▶ _WHAT NEEDS TO BE DONE_: For this exercise, repeat exactly the lines below starting at the line holding "and label. $300/400" and ending at the line holding "糯米裤女羊羔绒垂坠感软糯加绒加厚秋冬韩系慵懒松弛感阔腿裤TB", both included, with no extra lines and no pictures.

▶ _INFORMATION SUPPLIED_:
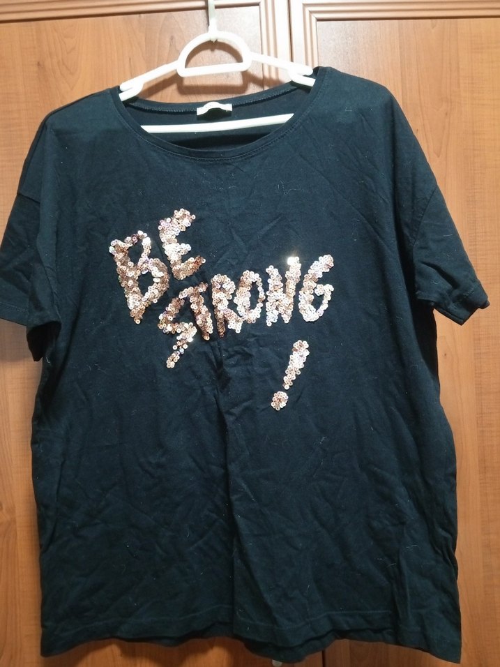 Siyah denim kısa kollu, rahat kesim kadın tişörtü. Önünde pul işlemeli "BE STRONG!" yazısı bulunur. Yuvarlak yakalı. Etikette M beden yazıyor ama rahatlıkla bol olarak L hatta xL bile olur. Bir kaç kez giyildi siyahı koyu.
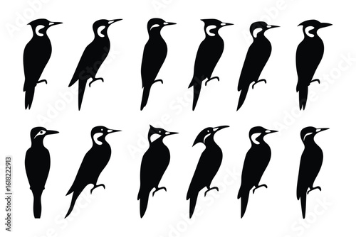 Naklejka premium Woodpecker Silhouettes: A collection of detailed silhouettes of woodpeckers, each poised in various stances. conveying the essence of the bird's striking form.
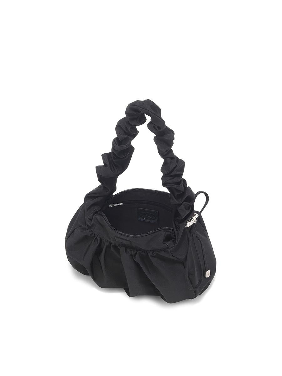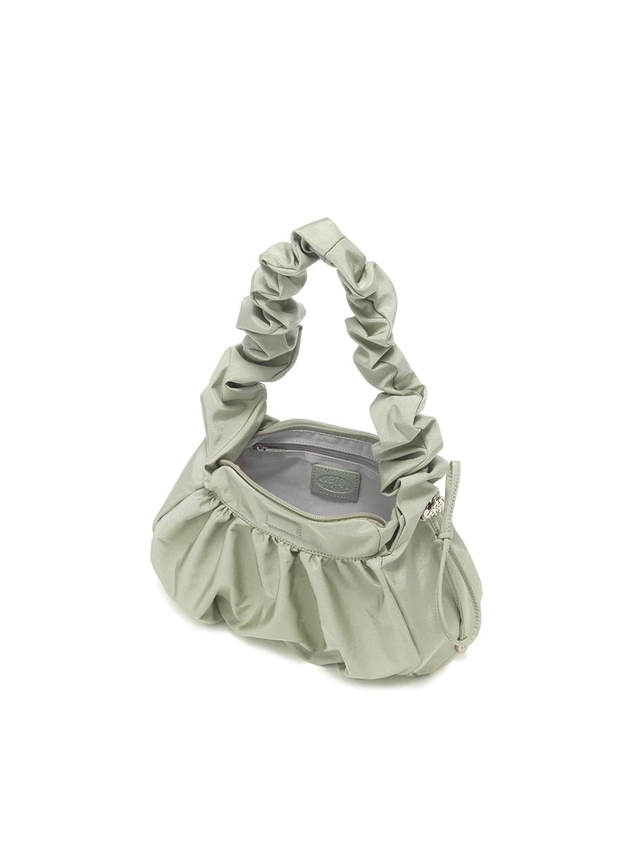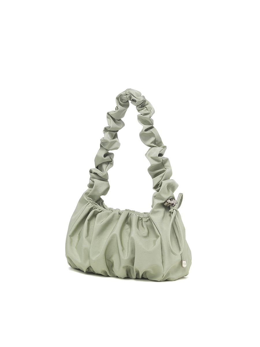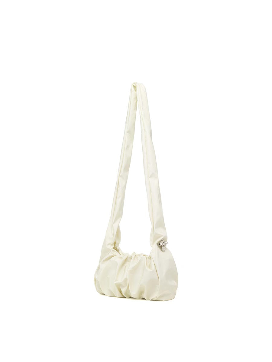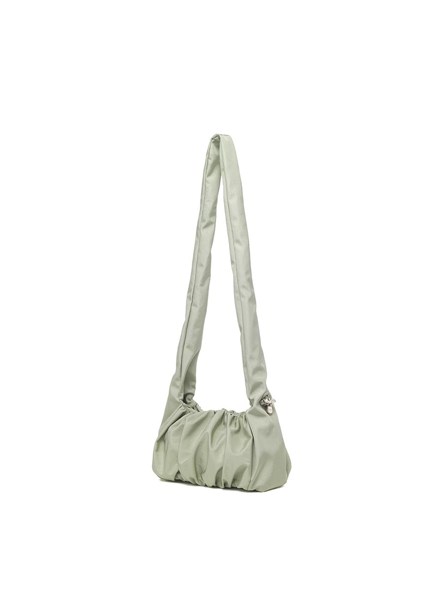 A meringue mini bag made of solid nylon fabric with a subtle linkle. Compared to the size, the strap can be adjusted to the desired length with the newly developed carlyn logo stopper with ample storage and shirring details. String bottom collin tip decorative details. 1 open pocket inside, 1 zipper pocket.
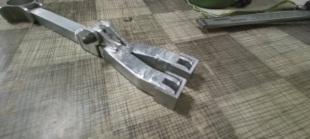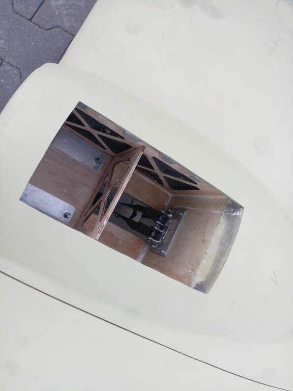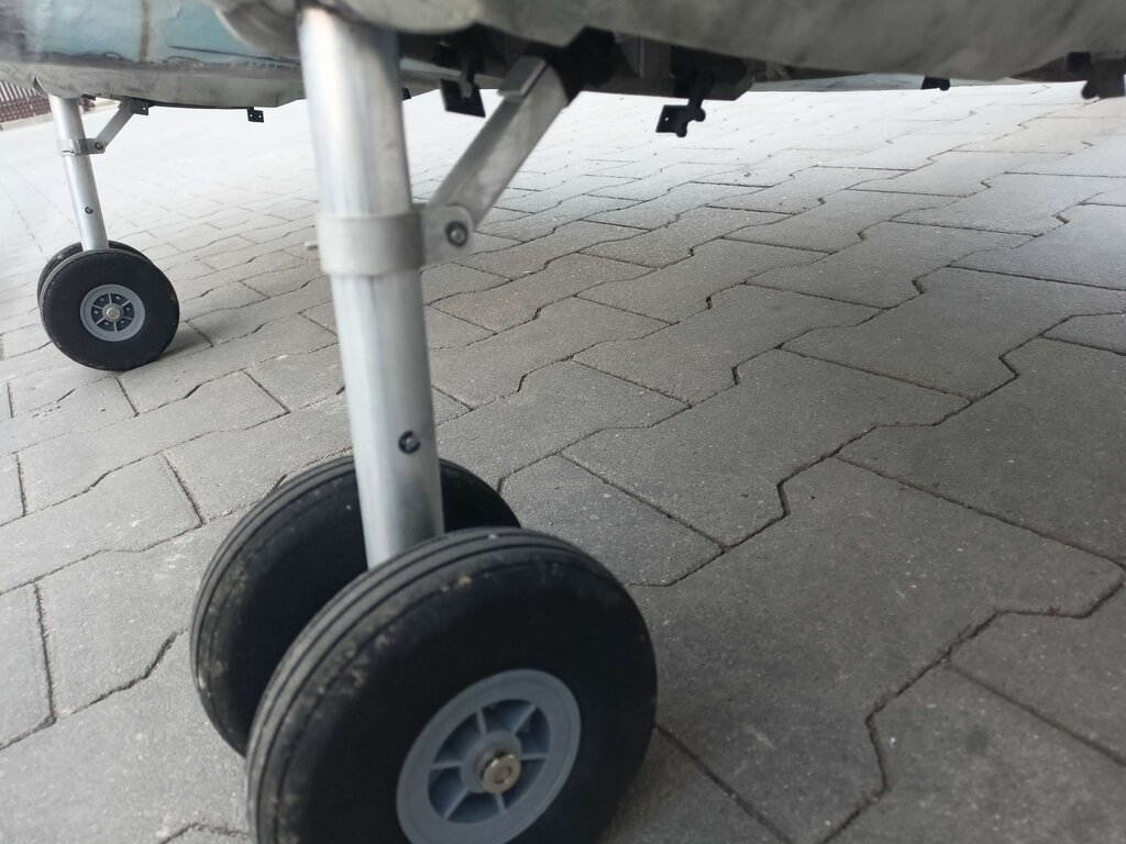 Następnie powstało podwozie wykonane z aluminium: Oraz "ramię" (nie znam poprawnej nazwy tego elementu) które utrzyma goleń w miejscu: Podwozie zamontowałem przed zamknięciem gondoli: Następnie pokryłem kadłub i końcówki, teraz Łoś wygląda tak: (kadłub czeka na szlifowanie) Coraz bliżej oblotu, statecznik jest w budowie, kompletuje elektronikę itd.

...

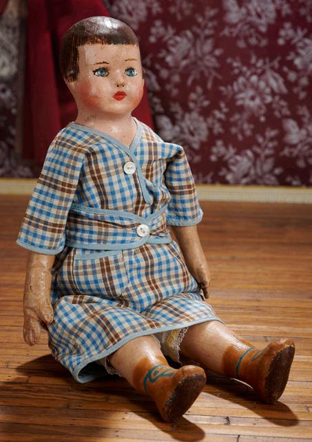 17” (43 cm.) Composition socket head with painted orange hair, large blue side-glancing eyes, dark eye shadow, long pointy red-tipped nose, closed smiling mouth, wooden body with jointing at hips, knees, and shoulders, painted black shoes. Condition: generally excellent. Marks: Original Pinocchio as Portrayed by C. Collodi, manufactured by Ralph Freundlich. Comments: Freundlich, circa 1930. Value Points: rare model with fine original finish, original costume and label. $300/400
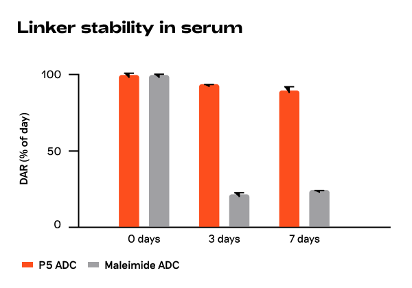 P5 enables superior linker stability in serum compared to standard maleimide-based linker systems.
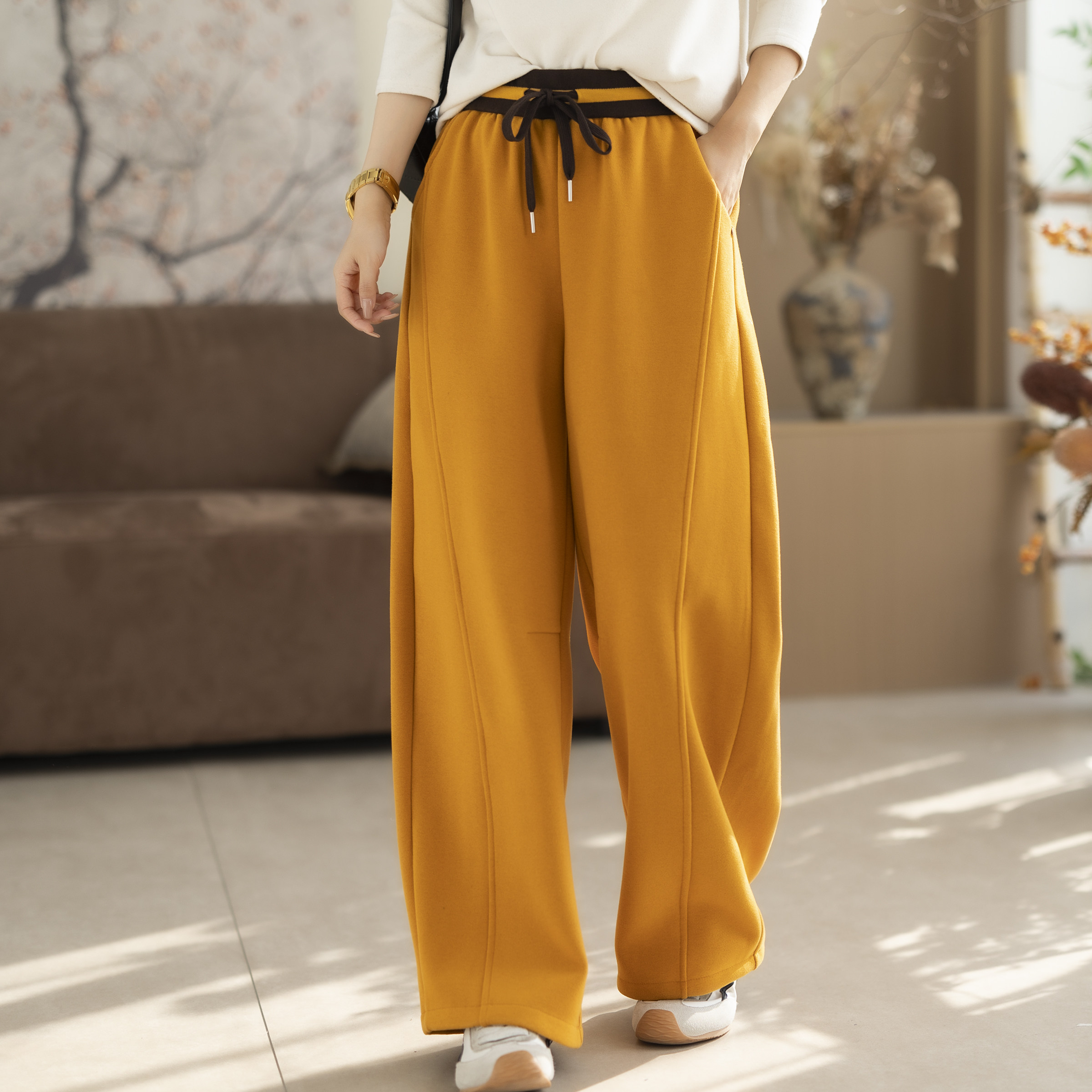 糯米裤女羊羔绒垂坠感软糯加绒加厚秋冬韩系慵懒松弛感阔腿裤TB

---

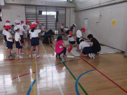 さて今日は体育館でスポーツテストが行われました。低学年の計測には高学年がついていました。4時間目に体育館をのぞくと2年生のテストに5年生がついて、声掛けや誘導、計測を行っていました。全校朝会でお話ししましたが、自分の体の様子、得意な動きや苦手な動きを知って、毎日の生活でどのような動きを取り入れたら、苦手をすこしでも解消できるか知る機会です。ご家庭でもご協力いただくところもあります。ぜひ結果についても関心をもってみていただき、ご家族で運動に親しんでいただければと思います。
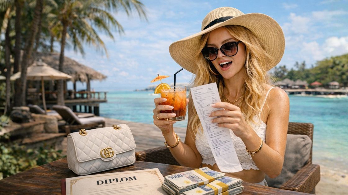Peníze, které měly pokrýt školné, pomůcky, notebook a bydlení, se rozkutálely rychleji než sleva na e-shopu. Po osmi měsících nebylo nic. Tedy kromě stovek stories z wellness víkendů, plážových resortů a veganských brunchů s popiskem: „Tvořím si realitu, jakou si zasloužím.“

▶ _ANSWER SPACE_:
 17” (43 cm.) Composition socket head with painted orange hair, large blue side-glancing eyes, dark eye shadow, long pointy red-tipped nose, closed smiling mouth, wooden body with jointing at hips, knees, and shoulders, painted black shoes. Condition: generally excellent. Marks: Original Pinocchio as Portrayed by C. Collodi, manufactured by Ralph Freundlich. Comments: Freundlich, circa 1930. Value Points: rare model with fine original finish, original costume and label. $300/400
 P5 enables superior linker stability in serum compared to standard maleimide-based linker systems.
 糯米裤女羊羔绒垂坠感软糯加绒加厚秋冬韩系慵懒松弛感阔腿裤TB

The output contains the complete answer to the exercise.